Published in final edited form as:
PMCID: PMC3227742

The age-specific prevalence of human papillomavirus and risk of cytologic abnormalities in rural Nigeria: Implications for screen-and-treat strategies


Cervical screening for carcinogenic human papillomavirus (HPV) infection is being considered for low income countries. Effectiveness requires targeted screening in older women in whom prevalent infections are more likely to be persistent and predictive of precancer. Some studies in West Africa have found unusually high HPV prevalences across all adult ages, that may reduce the positive predictive value (PPV) of HPV-based screening, if positivity in older women does not sufficiently predict elevated risk. We conducted a population-based study in rural Nigeria to identify HPV prevalence and associated cervical abnormalities. Using stratified random sampling, we enrolled women age 15+. Non-virgins had a cervical exam including liquid-based cytology and PCR HPV DNA testing from residual cytology specimens. Two-thirds of invited women participated, and 14.7% had detectable carcinogenic HPV, a proportion that did not decline with age (p-trend=.36) and showed slight peaks in the 15–29 and 60–69 age groups. Among women of the age typically considered for screen-and-treat programs (30–49 years), 12.8% were HPV-positive and the PPV for high-grade or worse cytology was 16.4%. Comparatively, women age <30, were more likely to be HPV-positive (18.9%, p=.03) with a lower PPV (4.2% p=.05). Among women age 50+ (typically excluded from screening in resource-poor settings because inexpensive treatment is not available), HPV positivity was 14.2% with a PPV of 13.9%. In Irun and similar settings where HPV does not decline with age, HPV-based screen-and-treat programs might be feasible for mid-adult women, since prevalence is sufficiently low, positivity predicts elevated risk of more easily treated precancer.

Keywords: HPV prevalence, age, screening


Virtually all cases of cervical cancer worldwide are caused by persistent infection with ≥ 1 or more of approximately a dozen carcinogenic genotypes of human papillomavirus (HPV)13. Although effective HPV vaccines have been developed, none has immediate promise for low income countries where the cancer burden is disproportionately high (>85% of total global burden)4, due to relatively high cost and lack of feasibility of a three-dose regimen. With adequate screening and treatment, the vast majority of cervical cancer can be prevented during the typical 10–15+ year precancerous period56. Yet, the conventional model (Pap smear screening, followed by colposcopically-directed biopsy of women with abnormal screening to determine who needs treatment) is neither sufficiently developed nor sustainable in most low income countries7. In contrast, a one-visit screen-and-treat approach is promising where women who screen positive receive treatment with cryotherapy8. In particular, HPV-based screening is now being proposed. Yet, effective application of an HPV-based screen-and-treat program requires a thorough understanding of the underlying natural history of HPV in a target population.

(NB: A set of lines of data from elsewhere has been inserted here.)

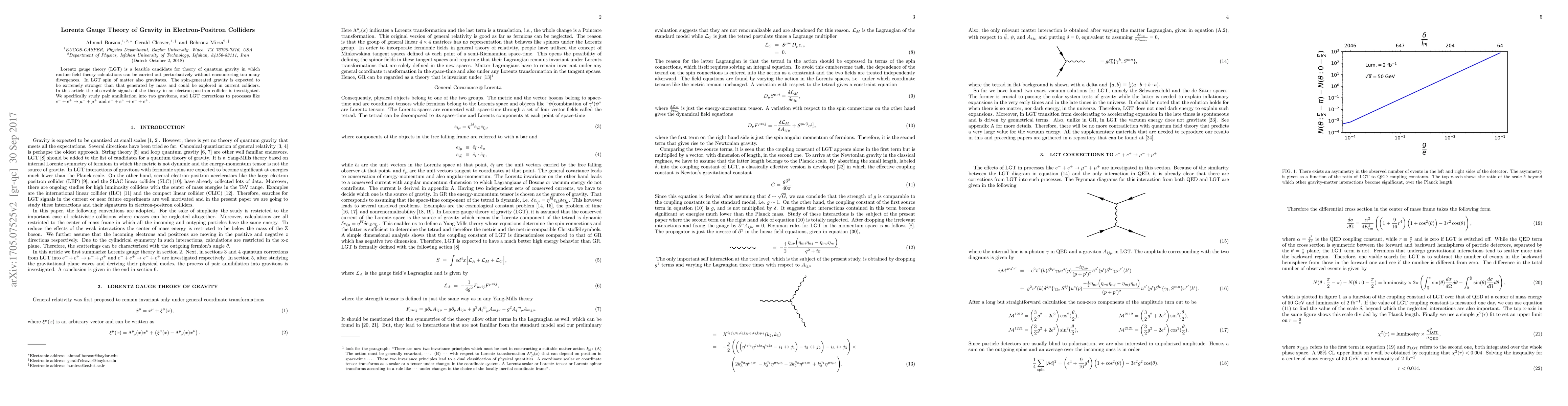 Lorentz gauge theory (LGT) is a feasible candidate for theory of quantum gravity in which routine field theory calculations can be carried out perturbatively without encountering too many divergences. In LGT spin of matter also gravitates. The spin-generated gravity is expected to be extremely stronger than that generated by mass and could be explored in current colliders. In this article the observable signals of the theory in an electron-positron collider is investigated. We specifically study pair annihilation into two gravitons, and LGT corrections to processes like $e^-+e^+\rightarrow \mu^-+\mu^+$ and $e^-+e^+\rightarrow e^-+e^+$.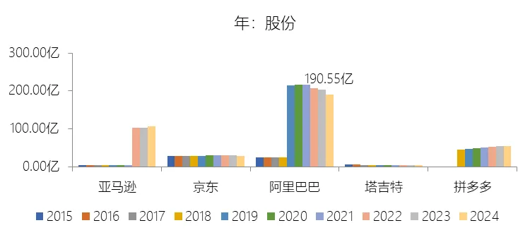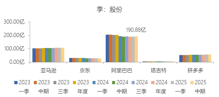 股份增长率:2026财年中期末,阿里巴巴的股份为190.88亿股,对比年初增长0.18%,增速同比(去年同期)上升6.68个百分点;2016-2025财年(九年)增长669.06%,年复合增长25.44%,比多品类零售行业的复合增速高4.79个百分点,长期呈下降趋势。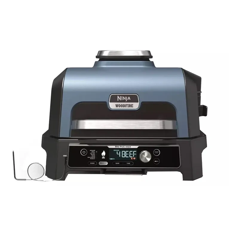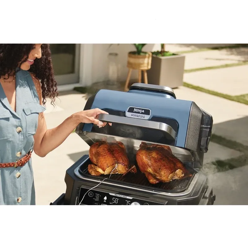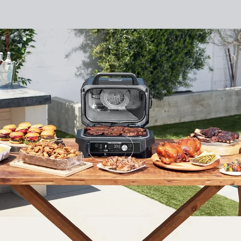 با گریل برقی Ninja Woodfire Pro Connect XL OG901 تجربه‌ای حرفه‌ای از باربِکیو، دوددار، ایرفراِی، پخت و گریل را در فضای باز داشته باشید. ظرفیت بزرگ تا 10 برگر یا 2 مرغ 3 کیلوگرمی، کنترل از طریق اپلیکیشن، فناوری دود چوبی واقعی و 7 عملکرد جامع، این گریل را به انتخاب ایده‌آل برای دورهمی‌ها و مهمانی‌های باغ و بالکن تبدیل کرده است.
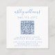 Pastel Blue QR Code Monogram Floral Crest Square Business Card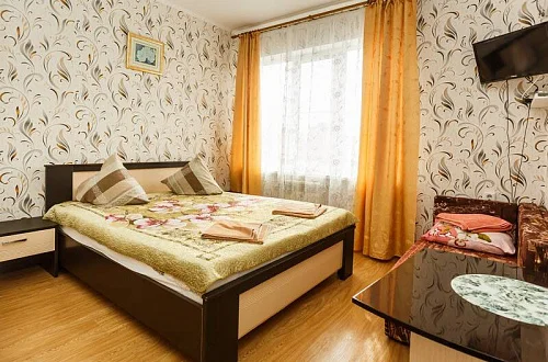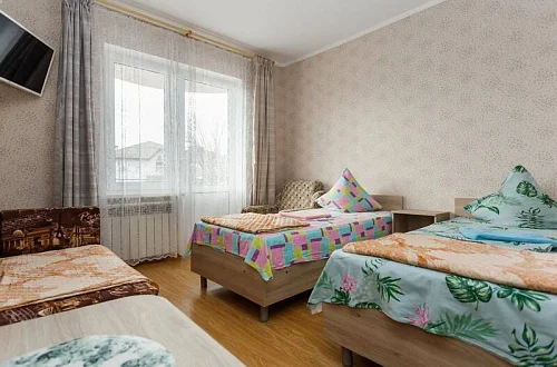В каждом номере телевизор, холодильник, сплит-система, санузел. Холодная и горячая вода-постоянно. Имеется уютная кухня со всем необходимым, для приготовления пищи.

In most populations, the age-specific prevalence pattern of HPV infections observed in sexually active women resembles that of a typical sexually transmissible infection. Incidence and prevalence peak at young ages soon after the start of sexual activity, with a subsequent decline as infections clear, with fewer incident infections as patients age9. In these regions where HPV prevalence declines with age, the optimal age for HPV-based screening is in the approximately 30–49 year age group – before the upturn in invasive cancer incidence. At this age in most places, carcinogenic-type HPV infection is detected in virtually all women with precancer or early-stage cancer but only 5–10% of the general population9. Therefore, HPV testing, when used properly at these correct ages, provides excellent risk stratification (acceptable positive predictive values and extremely good negative predictive values)1011. HPV-positive women (the group containing the women with cancer risk) can be treated immediately, using cryotherapy of the cervix in particular8, while HPV negative women can be reassured that their cancer risk is minimal during the subsequent years12. One or two screening rounds per lifetime can reduce cancer risk substantially13.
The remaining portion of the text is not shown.